Il panorama botanico italiano si è arricchito significativamente negli ultimi due decenni. Tra il 2005 e il 2025 sono state identificate 453 nuove specie e sottospecie di piante spontanee, un traguardo scientifico documentato da uno studio del Gruppo di Floristica, Sistematica ed Evoluzione della Società Botanica Italiana, pubblicato sulla rivista Plant Biosystems.

La Toscana si distingue in questo censimento nazionale, attestandosi tra le regioni più fertili per le nuove scoperte con 53 nuove entità floristiche censite. Tra le scoperte recenti avvenute nel territorio regionale spicca il Leontodon montecristensis, noto come Dente di Leone di Montecristo, descritto proprio nel 2025 all’interno dell’Arcipelago Toscano.

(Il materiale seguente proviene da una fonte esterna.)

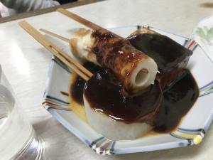 さっと煮られた大根、豆腐、ちくわに味噌がったくさん。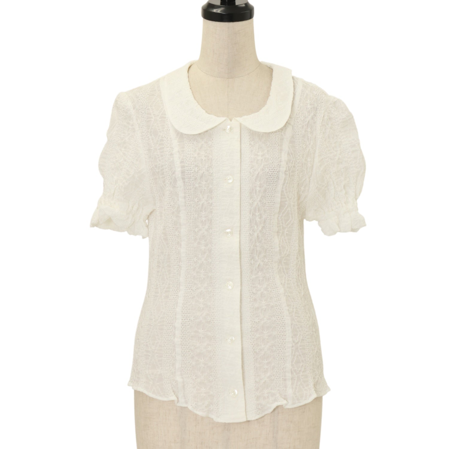 【USED】【Sサイズ】シュリンクレースブラウス

Un altro esempio rilevante è rappresentato dal Gagea tisoniana, o Cipollaccio di Tison, una pianta identificata nel 2007 che abita diverse aree tra Toscana, Umbria, Marche e Lazio.

A contribuire in modo determinante alla ricerca figurano due studiosi dell’Università di Pisa: il professor Lorenzo Peruzzi del Dipartimento di Biologia e il dottor Marco D’Antraccoli dell’Orto e Museo Botanico dell’Ateneo. I due esperti hanno curato l’analisi della flora regionale e l’elaborazione dell’indice necessario a misurare il progresso delle conoscenze in ambito floristico.

Nonostante il buon posizionamento della regione in termini di biodiversità, il quadro non è ancora completo. Il professor Peruzzi evidenzia infatti che, a fronte di una ricchezza botanica accertata, permangono zone dove le indagini sono lacunose. Nello specifico, le aree collinari delle province di Firenze, Pistoia e Siena, insieme alla Lunigiana, richiederebbero ulteriori campagne di esplorazione sul campo per colmare le lacune attuali.

Comprendere la distribuzione precisa della flora spontanea non è solo un esercizio accademico, ma una necessità pratica per la gestione del territorio. Aggiornare costantemente queste mappe, come spiegano i ricercatori, è un passaggio obbligato per pianificare correttamente la tutela della biodiversità e la conservazione degli habitat naturali nel lungo periodo.